TASK DIRECTIONS
Every line below between the line holding "OSKRBOVANCI DOMA STAREJŠIH IDILA MED" and the line holding "(Norteamérica). Primera cita", inclusive, should be repeated exactly, and all other lines omitted.

(Beginning of RECORDS FOR THIS EXERCISE)

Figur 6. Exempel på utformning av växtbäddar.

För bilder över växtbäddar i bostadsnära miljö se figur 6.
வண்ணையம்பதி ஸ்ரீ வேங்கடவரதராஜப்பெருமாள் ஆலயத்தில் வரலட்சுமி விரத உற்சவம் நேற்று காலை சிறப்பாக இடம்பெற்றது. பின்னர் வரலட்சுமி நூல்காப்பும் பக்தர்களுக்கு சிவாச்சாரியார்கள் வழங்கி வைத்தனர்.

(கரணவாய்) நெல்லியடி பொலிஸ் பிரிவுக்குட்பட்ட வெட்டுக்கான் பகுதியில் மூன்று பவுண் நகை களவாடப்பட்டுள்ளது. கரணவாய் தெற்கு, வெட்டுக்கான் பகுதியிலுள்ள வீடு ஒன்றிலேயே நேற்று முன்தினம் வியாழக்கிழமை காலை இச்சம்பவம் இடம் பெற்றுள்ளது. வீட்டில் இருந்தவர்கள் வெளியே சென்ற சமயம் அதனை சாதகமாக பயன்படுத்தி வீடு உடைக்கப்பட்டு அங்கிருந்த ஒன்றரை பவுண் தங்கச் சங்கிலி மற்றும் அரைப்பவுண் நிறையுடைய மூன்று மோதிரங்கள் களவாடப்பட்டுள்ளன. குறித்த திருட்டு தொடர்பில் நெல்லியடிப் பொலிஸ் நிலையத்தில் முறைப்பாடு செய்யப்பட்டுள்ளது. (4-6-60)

(End of RECORDS FOR THIS EXERCISE)
(Beginning of RECORDS FOR THIS EXERCISE)

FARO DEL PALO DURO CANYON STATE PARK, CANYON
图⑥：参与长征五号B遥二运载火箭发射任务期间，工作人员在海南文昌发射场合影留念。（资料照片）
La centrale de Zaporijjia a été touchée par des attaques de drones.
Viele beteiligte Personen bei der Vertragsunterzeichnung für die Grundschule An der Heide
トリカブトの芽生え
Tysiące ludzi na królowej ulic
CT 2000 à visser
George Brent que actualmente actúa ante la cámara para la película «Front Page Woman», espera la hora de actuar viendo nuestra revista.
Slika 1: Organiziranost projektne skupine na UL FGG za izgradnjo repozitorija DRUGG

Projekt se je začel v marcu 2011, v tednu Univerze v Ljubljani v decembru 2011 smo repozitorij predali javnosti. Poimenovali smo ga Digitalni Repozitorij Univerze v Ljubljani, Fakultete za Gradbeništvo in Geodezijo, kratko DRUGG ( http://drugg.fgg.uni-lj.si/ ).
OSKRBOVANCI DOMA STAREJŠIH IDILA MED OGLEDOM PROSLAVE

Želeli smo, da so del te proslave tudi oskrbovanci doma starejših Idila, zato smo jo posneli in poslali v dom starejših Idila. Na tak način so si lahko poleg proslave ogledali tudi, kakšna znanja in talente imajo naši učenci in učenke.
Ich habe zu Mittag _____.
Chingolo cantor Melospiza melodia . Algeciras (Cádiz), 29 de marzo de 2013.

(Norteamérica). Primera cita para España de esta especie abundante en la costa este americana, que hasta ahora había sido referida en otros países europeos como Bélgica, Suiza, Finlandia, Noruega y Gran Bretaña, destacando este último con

(End of RECORDS FOR THIS EXERCISE)

SOLUTION TO THIS TASK
OSKRBOVANCI DOMA STAREJŠIH IDILA MED OGLEDOM PROSLAVE

Želeli smo, da so del te proslave tudi oskrbovanci doma starejših Idila, zato smo jo posneli in poslali v dom starejših Idila. Na tak način so si lahko poleg proslave ogledali tudi, kakšna znanja in talente imajo naši učenci in učenke.
Ich habe zu Mittag _____.
Chingolo cantor Melospiza melodia . Algeciras (Cádiz), 29 de marzo de 2013.

(Norteamérica). Primera cita para España de esta especie abundante en la costa este americana, que hasta ahora había sido referida en otros países europeos como Bélgica, Suiza, Finlandia, Noruega y Gran Bretaña, destacando este último con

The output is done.